Meta was burned, it said, in litigation against Six4Three, a software developer that built apps for the Facebook platform, when documents sealed in that case by a California court were transported to the UK by Six4Three’s founder and leaked to a member of Parliament, causing major regulatory scrutiny for Facebook. Meta continues to litigate that case.

Planner 5D countered that Meta’s proposed restriction “would dramatically impair collaboration” with its lawyers. “No court that Planner 5D is aware of has ordered such a severe encumbrance on an unwilling party,” the Vilnius, Lithuania-based company told Orrick.

Neither Meta nor US-based lawyers for Planner 5G responded to questions from MLex this week.

Planner 5G says it spent years and millions of dollars developing what has become a unique resource for training computer vision AI. Princeton scraped the entirety of it, and it then shared more than 45,000 files with Facebook and others, including digital depictions of everything from structural home features like windows, to pieces of furniture, to outdoor objects such as trees, paths, lawns, barbeques and swimming pools.

“Planner 5D owns a collection of over a million hand-crafted, digitized, and realistic three-dimensional objects and scenes, depicting a wide variety of household and office designs. To Planner 5D’s knowledge, no other collection in the world numbers even in the tens of thousands,” the company said in a 2020 complaint against Facebook and Princeton that alleged copyright violations.

Planner 5D was founded a decade ago as a web-based home-design tool that would allow people to design their homes or offices with a computer. The data embedded in those images and renderings allowed users to toggle between two- and three-dimensional presentations of the design, and to rotate them in space to get a better view, Planner 5D said.

Over time, the digital renderings of such mundane items as sofas and beds have become critical for computer scientists developing computer vision, Planner 5D says, and it has pivoted its business to invest “significantly in developing algorithms that capitalize on Planner 5D’s catalog of three-dimensional files to achieve market-leading 3D recognition.”

Even before Facebook changed its name to Meta and said its future lies in the metaverse, Planner 5D said in court filings that the market for AI-enhanced software is expected to grow to $60 billion by 2025.

First-ever ruling

Orrick in April denied motions by then-Facebook and Princeton to dismiss Planner 5G’s allegations that the companies violated copyright law by "scraping" its renderings to develop computer-vision technology, allowing the case to move forward.

"This case has been stalled in the pleadings stage for almost two years; there is no reason to wait any longer,” the judge wrote in the order. The case is scheduled to go to trial in March 2023.
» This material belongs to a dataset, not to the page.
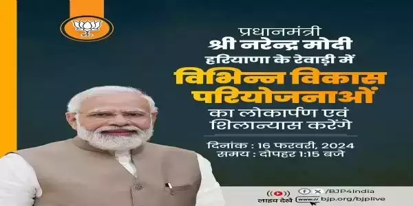 नई दिल्ली,16फरवरी। प्रधानमंत्री नरेंद्र मोदी आज हरियाणा के रेवाड़ी जाने वाले हैं, जहां वह शहरी परिवहन, स्वास्थ्य, रेल और पर्यटन क्षेत्र से संबंधित 9,750 करोड़ रुपये से अधिक की कई विकास परियोजनाओं का उद्घाटन व आधारशिला रखेंगे।
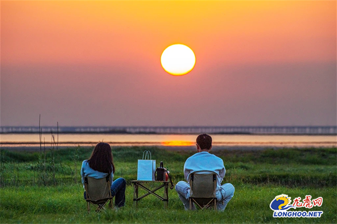 傍晚,石臼湖绽放金色晚霞,波光粼粼的水面上,成双成对的鱼儿在水面上旋转跳跃、摇尾嬉戏,不时泛起涟漪,让人驻足沉醉。溧水区和凤镇张许村东岸日落餐厅的工作人员把这一美景拍下发到朋友圈——“石臼湖的日落永远浪漫”。

At a video hearing today, Orrick asked whether he would be the first US judge to rule on a dispute to limit the availability of electronic documents to a party based outside the US when the party didn’t agree with the limitation. “I think you would be the first judge that would actually assess the pros and cons of it,” answered Dale Cendali, a lawyer for Meta.

Cendali said Internet connections between the US and Lithuania are good enough for Planner 5D’s personnel to view documents without downloading or printing them, and that Meta would run the risk of a breach by hackers if the documents were downloaded to computers outside the US.

But lawyers for Planner 5D said Meta’s proposal would block lawyers in the case from traveling anywhere outside the US with case documents on their laptops, even if the laptops were encrypted. And in terms of security, “frankly, that’s a red herring. Putting a computer in the United States does not make it any less hackable,” said Christian Andreu-von Euw, a lawyer for Planner 5G.

Orrick said that while he understood Meta’s concerns given the Six4Three leak in the UK, he's “inclined” to reject the social media giant’s proposal, because Planner 5D’s needs to easily access documents outweigh Meta’s concerns.

“I understand the concern,” Orrick told Cendali. “There’s some substance behind it. But I’m concerned, as I balance the equities here, you’re dealing with a party with a lot less resources, that needs not only to know what’s going on, but to actually help in the technical implementation of the case.”